I give you my version of the function which works with matrices and do not use for or if. If you decide
to use this version as a basis for your solution, then you must clearly comment all lines (just try them and see what they do).

p266 = function(n,a)
{
  X=c(4,8,12,16,20)
  EY=20+4*X
  EY10=20+4*10

    e=rnorm(5*n,sd=5)
    dim(e)=c(5,n)
    Y=EY+e
    lr=lm(Y~X)
    b=coef(lr)
    Yh10=b[1,]+b[2,]*10
    dev.e=deviance(lr)/df.residual(lr)
    dev.Yh10 = dev.e*( 1/length(X)+(10-mean(X))^2/sum( (X-mean(X))^2 ) )
    s.Yh10=sqrt(dev.Yh10)
    left.limit=Yh10-qt(1-a/2,df.residual(lr))*s.Yh10
    right.limit=Yh10+qt(1-a/2,df.residual(lr))*s.Yh10
    inside = ( (left.limit<EY10) & (EY10<right.limit) )
    
data.frame(Yh10,left.limit,right.limit,b[2,],inside)

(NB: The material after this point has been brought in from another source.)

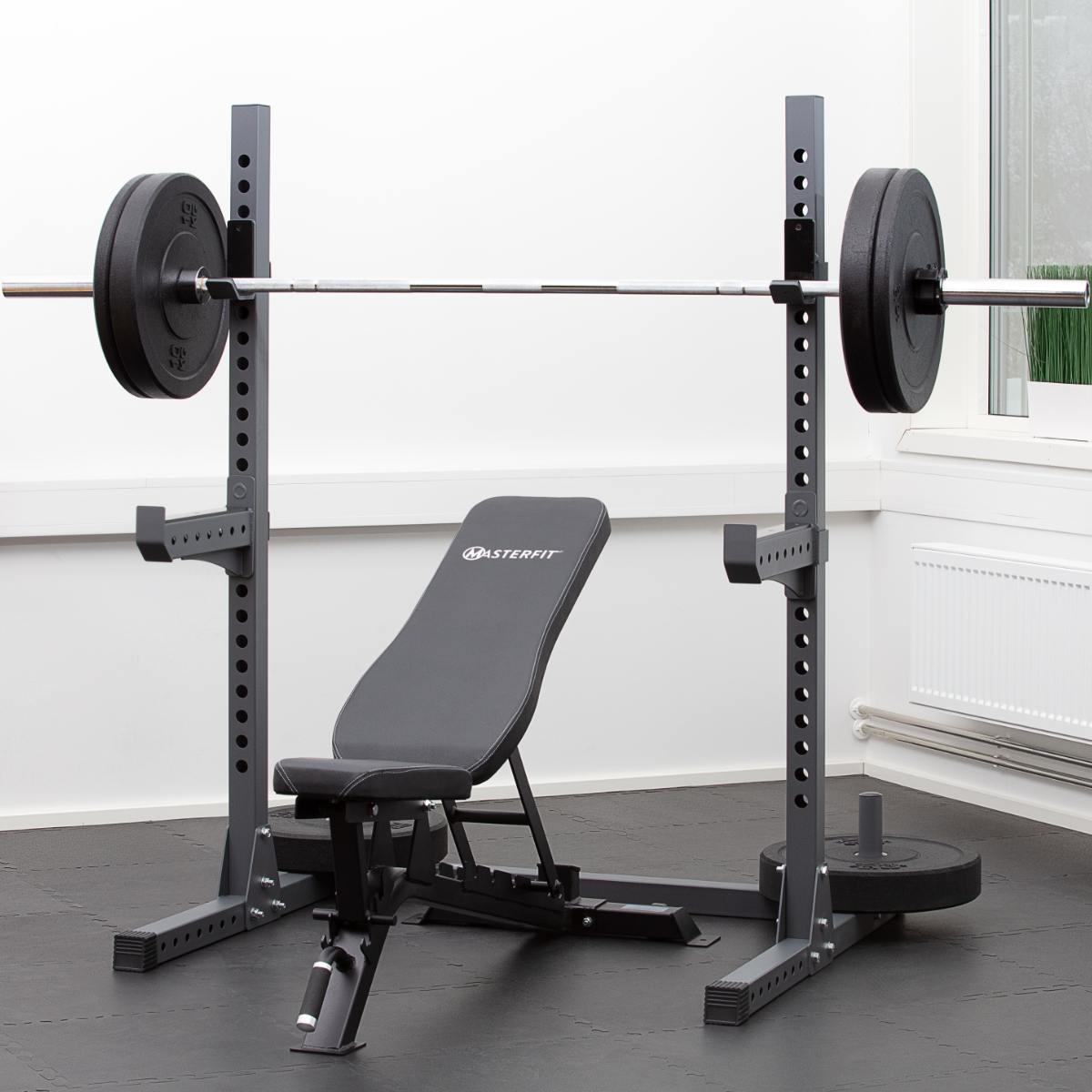 Masterfit 200 Squat Rack är produkten för dig som vill ha ett robust knäböjsstativ för hemmabruk.

# To get answer for part d): > p = p266(200,0.05)     > sum(p$inside)/length(p$inside)

#  The following can be used if you want to get an answer for part d) inside the function
#  list( conf.int.data = data.frame(Yh10,left.limit,right.limit,b[2,],inside),
#       prop.inside   = sum(inside)/length(inside)  )
}

 

Note: When you write a function (say, fun() ) and need to "fix" it, use fix(fun). This way you do not need to re-define it every time
you want make a change.



 3.4: When you create several plots of the same data, you may find useful par(mfrow=c(2,3)). Run it and plot several graphs.
Try c(2,1)....
a) You can built a histogram instead of a dot plot: hist. Read a help of hist on the argument breaks and use an "appropriate"
number of "breaks". Also, use dotchart. This plots a data as dots with a "time" order on a vertical axis.
c) stem is what you need. Recall that you do not have to compute residuals once you regressed your data
(lr$res - how to find it out if you do not remember?). Try stem(lr$res, scale=2)... A look at sorted residuals sort(lr$res)
can help you to figure out how stem-and-leaf diagram works in R.
d) Again, do not compute Y^hat_i. It is a part of lm-object.
e) cor(x,y) gives correlation coefficient between x and y. Note: ordered residuals should be used in the test!
f) The plot is straightforward. acf gives a formal mean to check time correlation... but more on this in "time series" part of the course.
g) Conduct Brown-Forsythe instead of Breusch-Pagan.